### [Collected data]
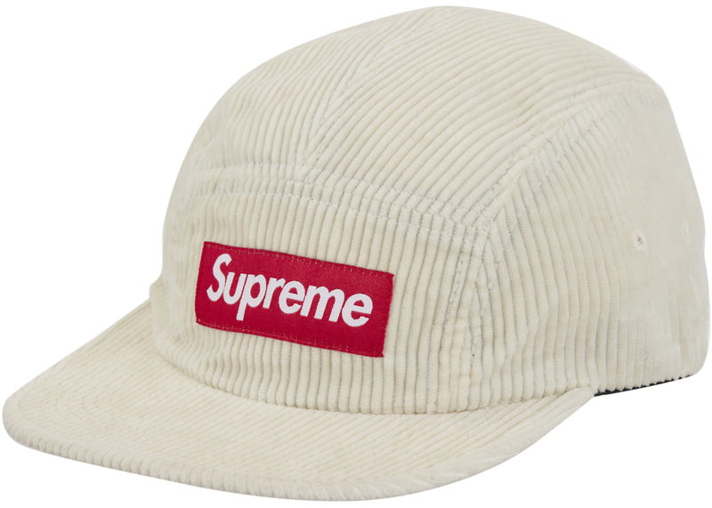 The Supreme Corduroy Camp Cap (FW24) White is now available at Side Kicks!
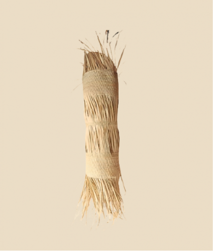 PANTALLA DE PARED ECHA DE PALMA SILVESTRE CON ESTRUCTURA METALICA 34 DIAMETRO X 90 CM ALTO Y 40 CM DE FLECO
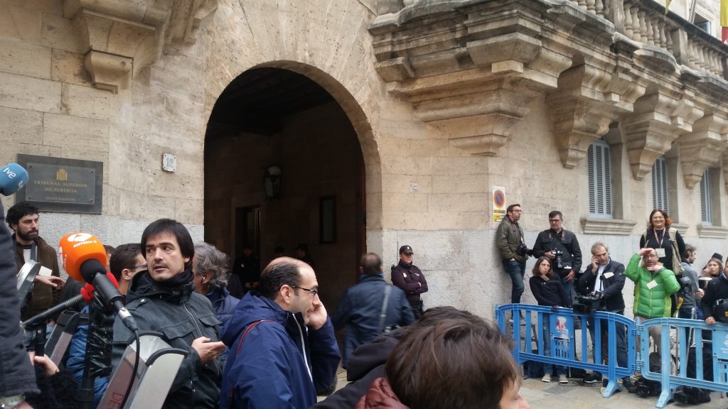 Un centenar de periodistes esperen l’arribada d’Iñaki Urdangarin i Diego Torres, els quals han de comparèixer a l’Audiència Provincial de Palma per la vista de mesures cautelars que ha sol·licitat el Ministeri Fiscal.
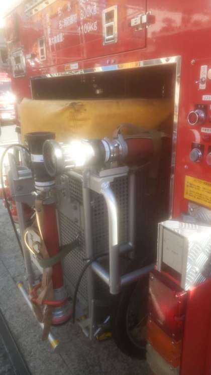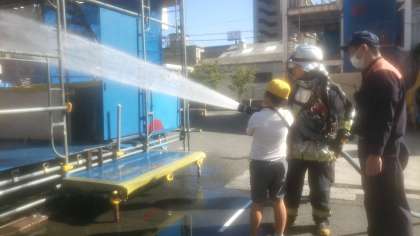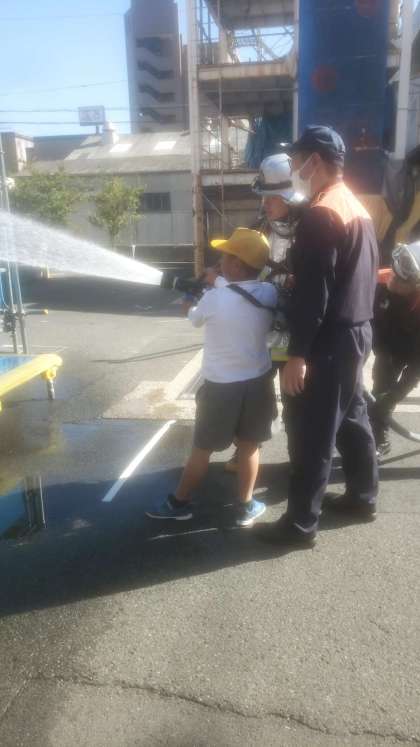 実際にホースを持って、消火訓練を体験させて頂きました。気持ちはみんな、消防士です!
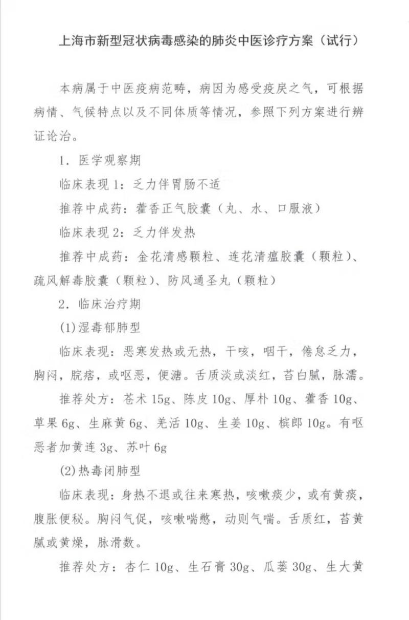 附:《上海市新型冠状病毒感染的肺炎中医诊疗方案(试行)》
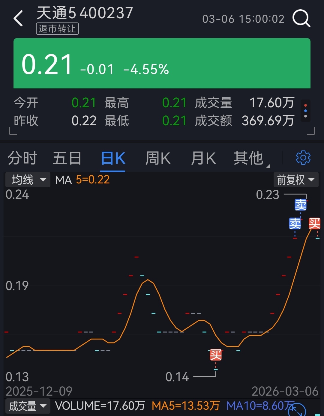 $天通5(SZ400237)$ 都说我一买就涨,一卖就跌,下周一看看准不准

### [Work request]
Keep the pictures out of the copy and write out the data exactly as it stands.

### [Response to the exercise]
 The Supreme Corduroy Camp Cap (FW24) White is now available at Side Kicks!
 PANTALLA DE PARED ECHA DE PALMA SILVESTRE CON ESTRUCTURA METALICA 34 DIAMETRO X 90 CM ALTO Y 40 CM DE FLECO
 Un centenar de periodistes esperen l’arribada d’Iñaki Urdangarin i Diego Torres, els quals han de comparèixer a l’Audiència Provincial de Palma per la vista de mesures cautelars que ha sol·licitat el Ministeri Fiscal.
 実際にホースを持って、消火訓練を体験させて頂きました。気持ちはみんな、消防士です!
 附:《上海市新型冠状病毒感染的肺炎中医诊疗方案(试行)》
 $天通5(SZ400237)$ 都说我一买就涨,一卖就跌,下周一看看准不准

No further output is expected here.